Xi Xiaoyao Technology Talk Original
Author | IQ has dropped all over the place
Recently, many teams have re-created based on the user-friendly ChatGPT, many of which have relatively eye-catching results. The InternChat work emphasizes user-friendliness by interacting with the chatbot in ways beyond language (cursors and gestures) for multimodal tasks. The name of InternChat is also interesting. It stands for interaction, nonverbal and chatbots. It can be referred to as iChat. Unlike existing interactive systems that rely on pure language, iChat significantly improves the efficiency of communication between users and chatbots by adding pointing instructions. In addition, the author also provides a large visual language model called Husky that can perform capture and visual question answering, and can also impress GPT-3.5-turbo with only 7 billion parameters.

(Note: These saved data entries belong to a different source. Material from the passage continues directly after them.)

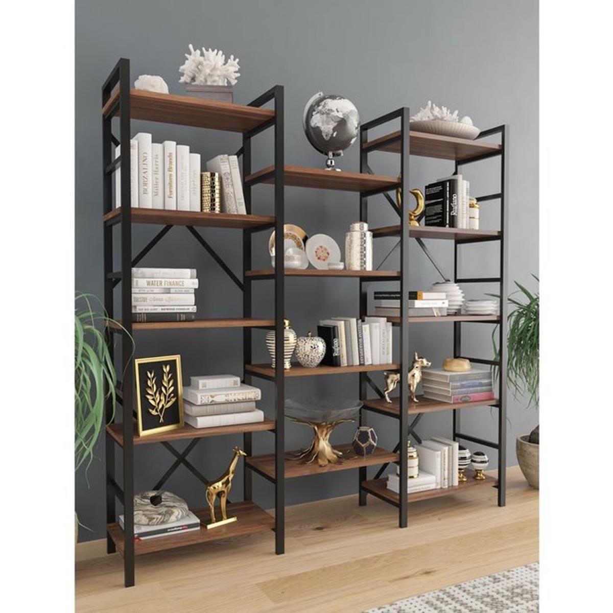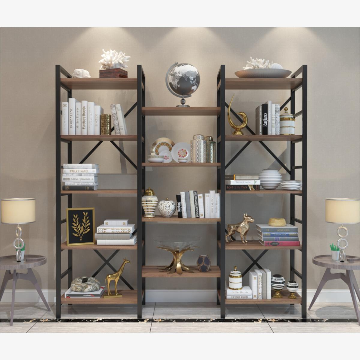 Sure to enhance the look of your living room, bedroom or office, this 5-tier etagere bookcase is both contemporary and functional for your everyday needs. Spacious wood look shelves in walnut are held up by a sturdy black metal frame for a trendy wood feel that goes with any decor in your small home or apartment. Make this the new addition to your living space - It is ready to be your storage and organization solution!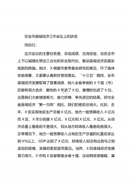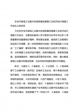在全市县域工业集中区高质量发展暨工业经济运行调度工作会议上的讲话今天召开全市县域工业集中区高质量发展暨工业经济运行调度工作会议,主要目的是深入学习贯彻习近平总书记来X考察重要讲话重要指示精神,贯彻落实省委、省政府工业稳增长促投资工作部署,进一步把思想和行动统一到市委四届X次全会“三个确保”要求和市委、市政府当前工业经济工作要求上来,分析调度工业经济运行情况,找准问题症结,采取有效措施,促进增速回升,确保完成年度目标任务。同时,强力推进县域工业集中区建设发展,为全市经济恢复性增长打好基础。昨天,大家在X、X高新区、X、X示范区、X、X现场观摩了工业集中区(经开区)及相关工业企业,每个参观点位各有...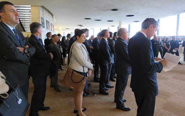 Tədbirdə Almaniyanın BMT-dəki Daimi Nümayəndə Heyətinin İqtisadi Münasibətlər Bölməsinin rəhbəsi Dr. Uve Petri, Azərbaycan Respublikasının BMT-dəki Daimi Nümayəndə Heyətinin rəhbəri Səfir Vaqif Sadıqov, Avropa Azərbaycan Cəmiyyətinin direktoru Lionel Zetter, “KazEnergy” Assosiasiyasının icraçı direktoru Ramazan Zampiissov və ukraynalı deputat Valeriy Pisarenko çıxış ediblər.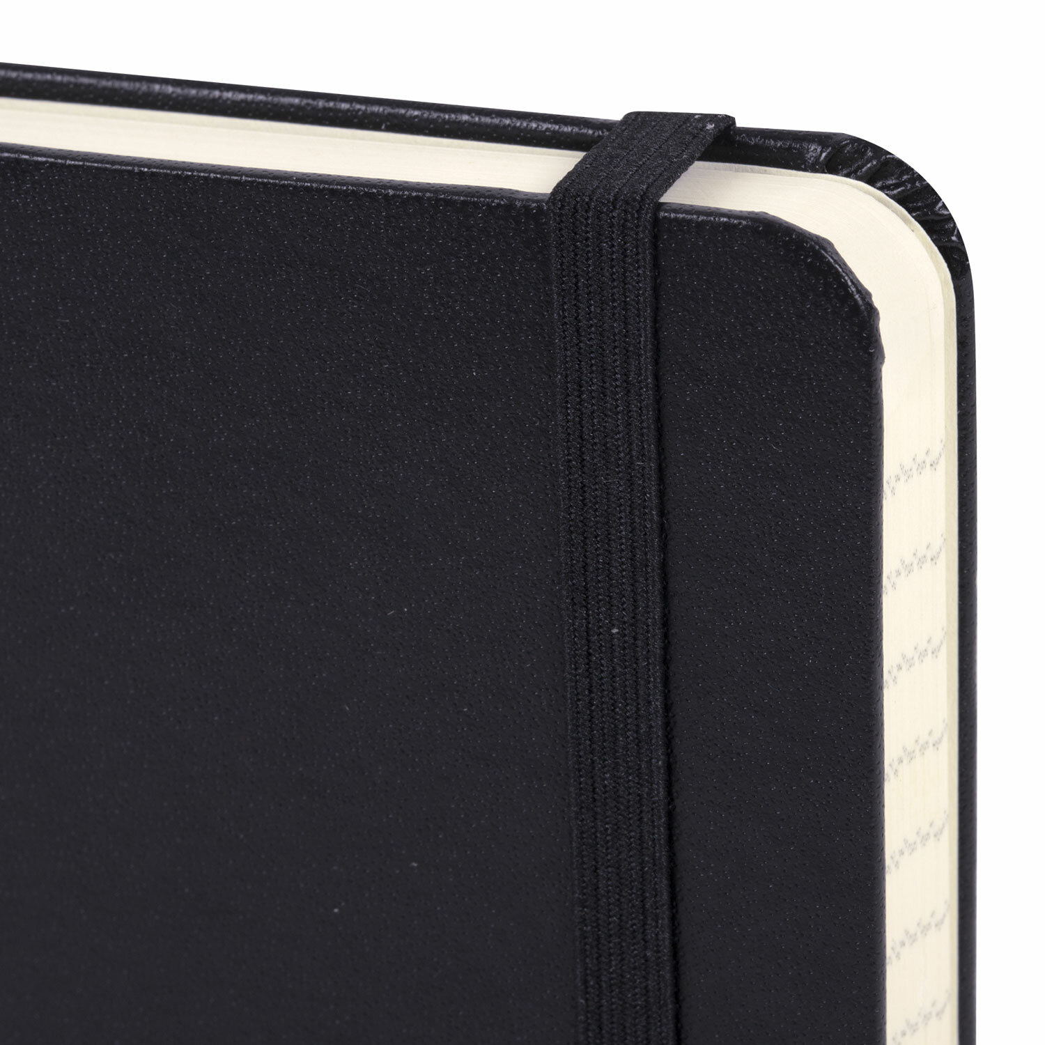 Твердая обложка стилизована под "классическую кожу". Имеет закругленные уголки, подходит для горячего тиснения и имеет резинку-фиксатор, благодаря чему не раскроется в сумке или портфеле и листы не помнутся. На внутренней стороне задней обложки есть декоративный конверт для разных мелочей в виде визиток, напоминалок или других милых и полезных мелочей. 96 листов позволят зафиксировать большой объем информации. Линовка блока в линию. Расстояние между линовками составляет 6 мм. Внутренний блок выполнен из офсета цвета слоновой кости плотностью 80 г/м2 и крепится к обложке с помощью книжного переплета. Дополнением является закладка-ляссе, с помощью которой при необходимости можно быстро открыть нужную страницу. Формат блокнота А6 (93х142 мм) позволит владельцу поместить его в кейс или сумку малых габаритов.

However, due to the popularity of the Demo website, the team officially closed the experience page temporarily. Let’s first understand the content of this work through the following video~
Paper title:
InternChat: Solving Vision-Centric Tasks by Interacting with Chatbots Beyond Language
Paper link:
https://www.php.cn/link/7c9966afcc510cf5a40621d1d92bdaf1
Demo address :
https://www.php.cn/link/e355ad06c5a89f911fbb0aff2de52435
Project address:
https://www.php.cn/link/ 2d13d901966a8eaa7f9c943eba6a540b
The author has provided some task screenshots on the project homepage, so that you can intuitively see some functions and effects of this interactive system:
(a) Remove obscured objects
(b) Interactive image editing
(c) Image generation
(d) Interactive visual question and answer
( e) Interactive image generation
(f) Video highlight explanation
Here we first introduce the two concepts mentioned in this article:
▲Figure 1 The overall architecture of iChat
iChat combines the advantages of pointing and language instructions to perform vision-centric tasks. As shown in Figure 1, this system consists of 3 main components:
It can effectively operate on 3 levels, namely:
Thus, as shown in Figure 2, when a pure language system cannot complete the task, the system can still successfully perform complex interactive tasks.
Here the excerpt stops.